2 Loading Data and introduction
# loading required libraries
library(rms)
library(tinytex)
# get dataset from web site
getHdata(titanic3)
# rows x columns
dim(titanic3)
## [1] 1309 14
Let us look at the data dictionary for Titanic3 data.
| Column | Description |
|---|---|
pclass |
passanger class: levels 1st, 2nd, and 3rd |
survived |
Survival (0 = No; 1 = Yes) |
name |
name of the passenger |
sex |
gender of the passenger: levels female and male |
age |
age of the passenger in years |
sibsp |
Number of Siblings/Spouses Aboard for a passenger |
parch |
Number of Parents/Children Aboard for a passenger |
ticket |
Ticket Number |
fare |
Passenger Fare |
cabin |
allotted cabin |
embarked |
a factor with levels Cherbourg, Queenstown, and Southampton |
boat |
Lifeboat |
body |
Body Identification Number |
home.dest |
Home/Destination |
3 Descriptive statistics
# List of names of variables to analyze
v <- c('pclass', 'survived' , 'age' , 'sex' , 'sibsp' , 'parch')
t3 <- titanic3[, v]
units(t3$age) <- 'years'
# univariate summaries
describe(t3)
## t3
##
## 6 Variables 1309 Observations
## --------------------------------------------------------------------------------
## pclass
## n missing distinct
## 1309 0 3
##
## Value 1st 2nd 3rd
## Frequency 323 277 709
## Proportion 0.247 0.212 0.542
## --------------------------------------------------------------------------------
## survived : Survived
## n missing distinct Info Sum Mean Gmd
## 1309 0 2 0.708 500 0.382 0.4725
##
## --------------------------------------------------------------------------------
## age : Age [years]
## n missing distinct Info Mean Gmd .05 .10
## 1046 263 98 0.999 29.88 16.06 5 14
## .25 .50 .75 .90 .95
## 21 28 39 50 57
##
## lowest : 0.1667 0.3333 0.4167 0.6667 0.7500
## highest: 70.5000 71.0000 74.0000 76.0000 80.0000
## --------------------------------------------------------------------------------
## sex
## n missing distinct
## 1309 0 2
##
## Value female male
## Frequency 466 843
## Proportion 0.356 0.644
## --------------------------------------------------------------------------------
## sibsp : Number of Siblings/Spouses Aboard
## n missing distinct Info Mean Gmd
## 1309 0 7 0.67 0.4989 0.777
##
## lowest : 0 1 2 3 4, highest: 2 3 4 5 8
##
## Value 0 1 2 3 4 5 8
## Frequency 891 319 42 20 22 6 9
## Proportion 0.681 0.244 0.032 0.015 0.017 0.005 0.007
## --------------------------------------------------------------------------------
## parch : Number of Parents/Children Aboard
## n missing distinct Info Mean Gmd
## 1309 0 8 0.549 0.385 0.6375
##
## lowest : 0 1 2 3 4, highest: 3 4 5 6 9
##
## Value 0 1 2 3 4 5 6 9
## Frequency 1002 170 113 8 6 6 2 2
## Proportion 0.765 0.130 0.086 0.006 0.005 0.005 0.002 0.002
## --------------------------------------------------------------------------------
Next, we obtain access to the needed variables and observations, and save data distribution characteristics for plotting and for computing predictor effects.

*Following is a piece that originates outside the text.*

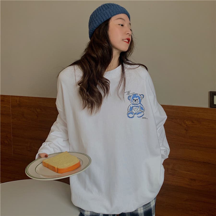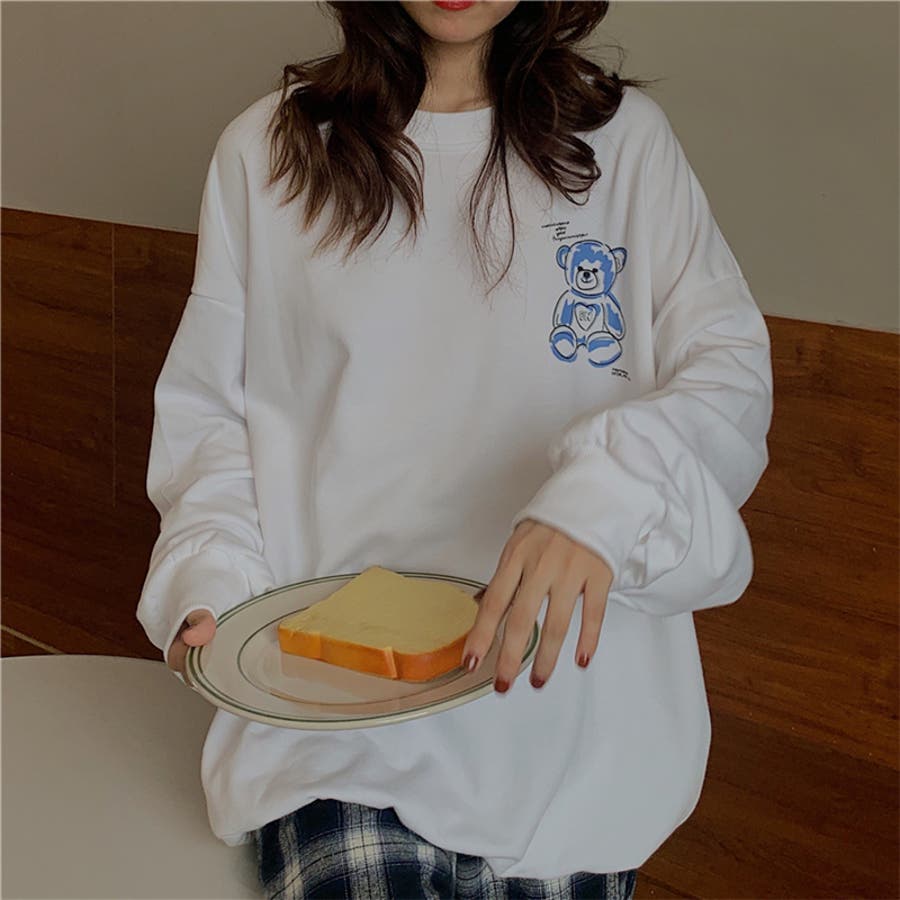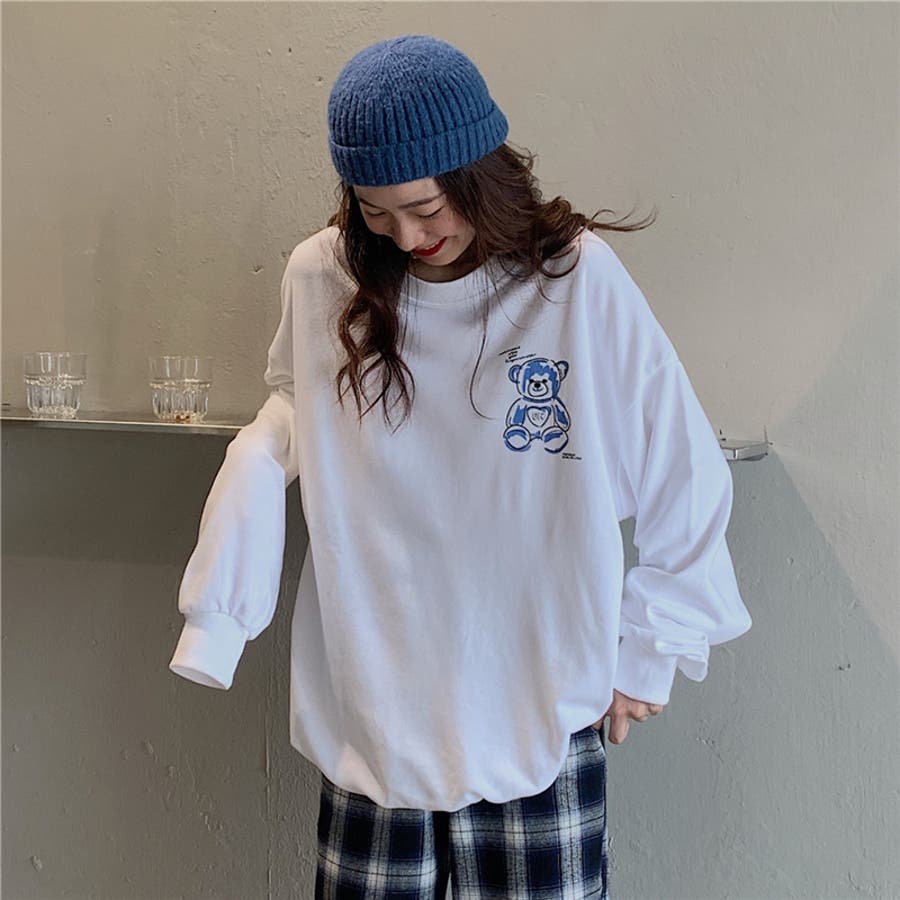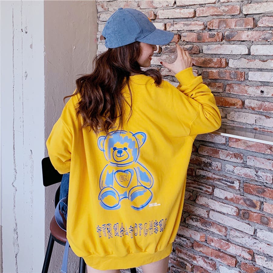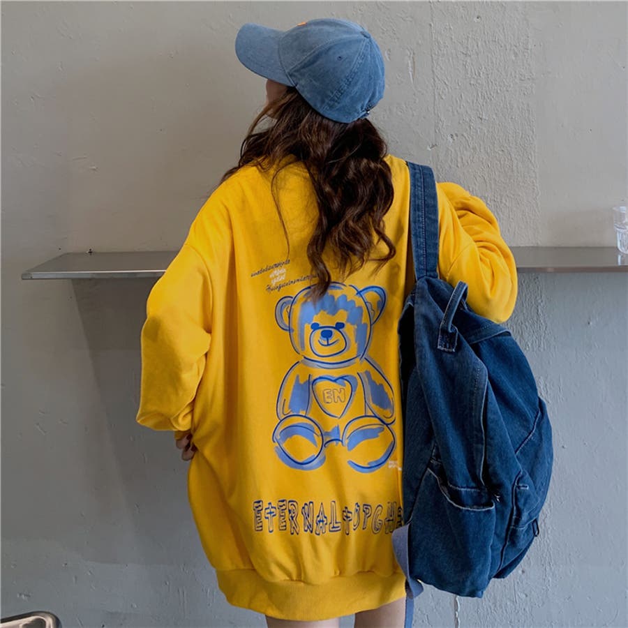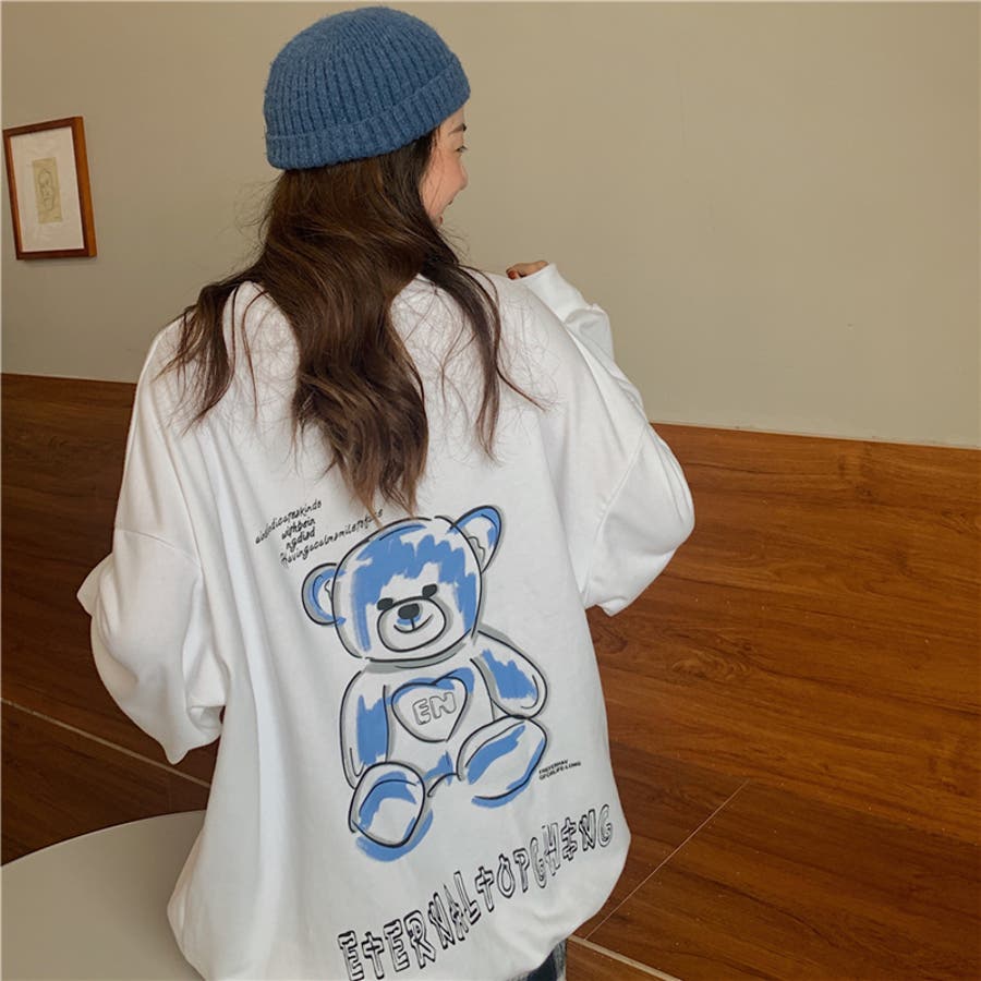 レディース トップス パーカー スウェット 長袖 カジュアル 韓国 女子 ベアー バック コンシャス プリント ベーシック トレーナー くまさん イラスト プリント 薄手トレーナー 秋 秋服 冬 韓国ファッション 体型カバー
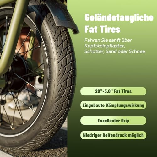 Ein besonderes Highlight sind die doppelten Akkus, die eine Reichweite von 100 bis 140 Kilometern ermöglichen. Das bedeutet für dich: weniger Sorgen um den Ladestand und mehr Zeit für entspannte Ausflüge. Der 250W Hinterradnabenmotor mit Drehmomentsensor sorgt für eine sanfte und intuitive Tretunterstützung, sodass du auch mit schwerer Last mühelos vorankommst. Dank des doppelten Federungssystems und der breiten 20 x 3.0 Zoll-Fat-Reifen genießt du auch auf unebenen Straßen ein komfortables Fahrgefühl. Die hydraulischen Scheibenbremsen garantieren dabei jederzeit sicheres und präzises Bremsen.

There are not many passengers having more than 3 siblings or spouses or more than 3 children, so we truncate two variables at 3 for the purpose of estimating stratified survival probabilities.
# data distribution
dd <- datadist(t3)
# describe distributions of variables to rms
options(datadist = 'dd')
s <- summary(survived ~ age + sex + pclass + cut2(sibsp ,0:3) + cut2 (parch ,0:3), data = t3)
plot(s, main = '', subtitles = FALSE)
Figure 3.1: Univariable summaries of Titanic survival
OBSERVATIONS:
Note the large number of missing ages.
Also note the strong effects of sex and passenger class on the probability of surviving.
The age effect does not appear to be very strong.
The effects of the last two variables are unclear as the estimated proportions are not monotonic in the values of these descriptors.
Although some of the cell sizes are small, we can show four-way empirical relationships with the fraction of surviving passengers by creating four cells for sibsp à parch combinations and by creating two age groups.
tn <- transform(t3 ,
agec = ifelse(age < 21, 'child' , 'adult'),
sibsp = ifelse(sibsp == 0, 'no sib/sp' , 'sib/sp' ),
parch = ifelse(parch == 0, 'no par/child' , 'par/child'))
# suppress proportions based on fewer than 25 passengers in a cell
g <- function(y) if (length(y) < 25) NA else mean(y)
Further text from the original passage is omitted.